THE crop calendar has flipped to a new year for world wheat participants as northern hemisphere winter crops emerge from dormancy and spring crops begin planting.
The first cut at the numbers is indicating significant turnaround for European Union and Russia driving more wheat output, along with hopes of southern hemisphere returning to a more normal cereals cycle in 2019. (Table 1).
Global wheat production is forecast 757.4 million tonnes (Mt) in 2019 in the March 2019 FAO-AMIS market monitor, 29Mt higher than 2018. This would be close to the record crop of 2017, with the bulk of the recovery stemming from EU. Larger EU planted area combined with generally good weather so far is seen to drive up wheat production by at least 8 per cent (pc) from last year’s six-year low. Similarly, in the Russian Federation, an expectation of increased overall plantings in combination with beneficial weather could push up production by almost 10pc. Favourable crop conditions also currently prevail in Ukraine, where this year’s wheat output is forecast to rise by nearly 8pc. US production is likely to remain close to last year’s level, whereas in Canada it could increase by around 4pc. In Australia, a strong rebound from last year’s drought afflicted level is foreseen, though wheat planting will only begin in May. India could grow close to last year’s record level while a contraction is predicted for Pakistan.

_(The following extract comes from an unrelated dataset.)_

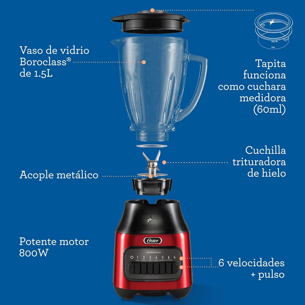 La Nueva Licuadoras Oster 6 velocidades más pulso son un sistema de licuado que lo tiene todo y de color Rojo, Cuentan con un poderoso motor 4 veces más duradero con 800 W de potencia pico y durabilidad comprobada de hasta 10.000 licuados. Su vaso de vidrio refractario Boroclass es resistente a ingredientes hirviendo**. Además, tiene una revolucionaria cuchilla 100% de acero quirúrgico que pulveriza hielo y muele granos, no se oxida ni gotea. El acople 100% metálico es 10 veces más fuerte***, que resiste el desgaste generado por la fricción entre la base y la cuchilla, por lo que te brinda más durabilidad en tu licuadora y por lo que no tendrás ninguna dificultad procesando los ingredientes más duros. * Comparado con motor modelo PU5443127-6115-AL en pruebas de carga ** Hasa un choque térmico de 90°C *** Resistencia a la tracción de acero laminado en frío 1215 comparado con plástico PP

Early estimates last year were too optimistic
This time last year, FAO-AMIS published its first global production forecast for 2018 wheat. How good was it, chart 1?

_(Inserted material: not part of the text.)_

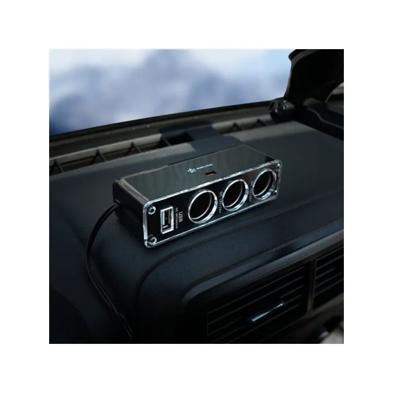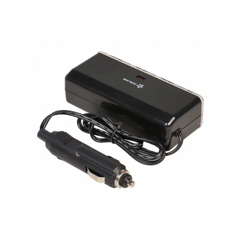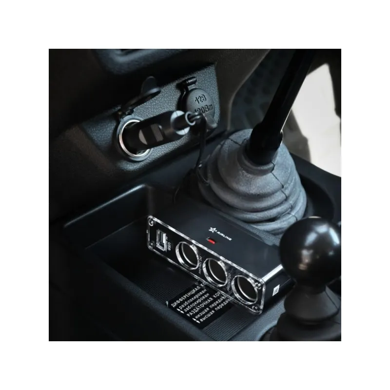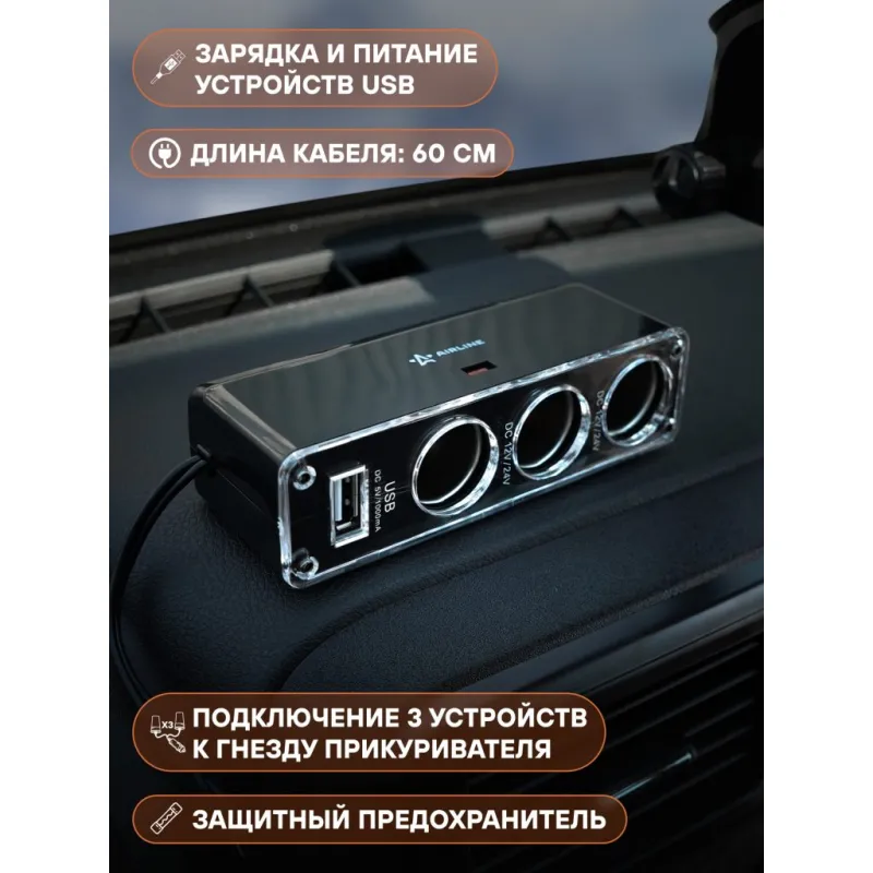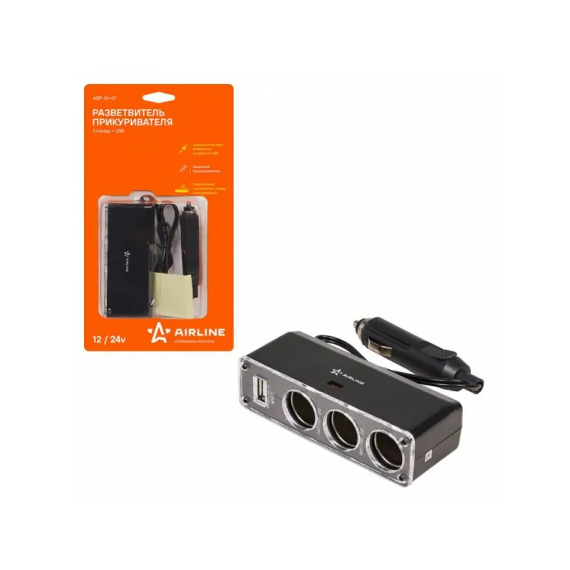 Разветвитель прикуривателя 3 гнезда 5А + USB (черный) Описание: Разветвитель прикуривателя автомобильный на 3 гнезда + USB ASP-3U-07 от бренда AIRLINE предназначены для подключения нескольких устройств (мобильные телефоны, зарядка для ноутбука, радар-детекторы и т.д.) к бортовой сети автомобиля. Модель выполнена из качественного пластика. Особенности устройства: * Универсальный штекер; * Подключение трех устройств к гнезду прикуривателя + USB; * Защитный предохранитель; * Зарядка и питание мобильных устройств USB; * Максимальный выходной ток, 5 А; * Суммарная мощность потребителей, 60 Вт; * Длина кабеля (включая штекер), 60 см; * Параметры USB 5В/1000 мА; * Номинальное напряжение, 12/24 В; * Корпус розетки изготовлен из ударопрочного пластика. Розетка разветвитель в прикуриватель - товар официального производителя AIRLINE. Разветвители прикуривателя для авто - это незаменимый помощник во время поездок на автомобиле, кемпинга, повседневных нужд, так как служит как дополнительная розетка автомобильного прикуривателя. Характеристики: Артикул: ASP-3U-07 Параметры USB: 5В/500мА Длина кабеля (включая штекер), см: 60 Максимальный выходной ток, А: 5 Суммарная мощность потребителей, Вт: 60 Номинальное напряжение, В: 12/24 Комплектация: Разветвитель прикуривателя в блистере - 1 шт Гарантия: от 1 года.

Are we again too optimistic? Reflecting on those forecasts and comparing them with early predictions by the other two major sources, USDA and IGC, FAO-AMIS projections didn’t fare so badly, but all were too optimistic. Forecasts from all three sources followed a rather similar trend and, as one would have expected, started to converge in later months as countries’ production estimates became firmer. Notwithstanding this development, some differences in these forecasts still prevail. A lower estimate of China’s wheat production is among the main reasons why the FAO-AMIS global production estimate for 2018 remains lower than the other two sources. FAO-AMIS is undertaking a major review of China’s cereal balances following recent official historical revisions, which show much higher-than-previously reported estimates for wheat, maize and rice production over 2007-2017.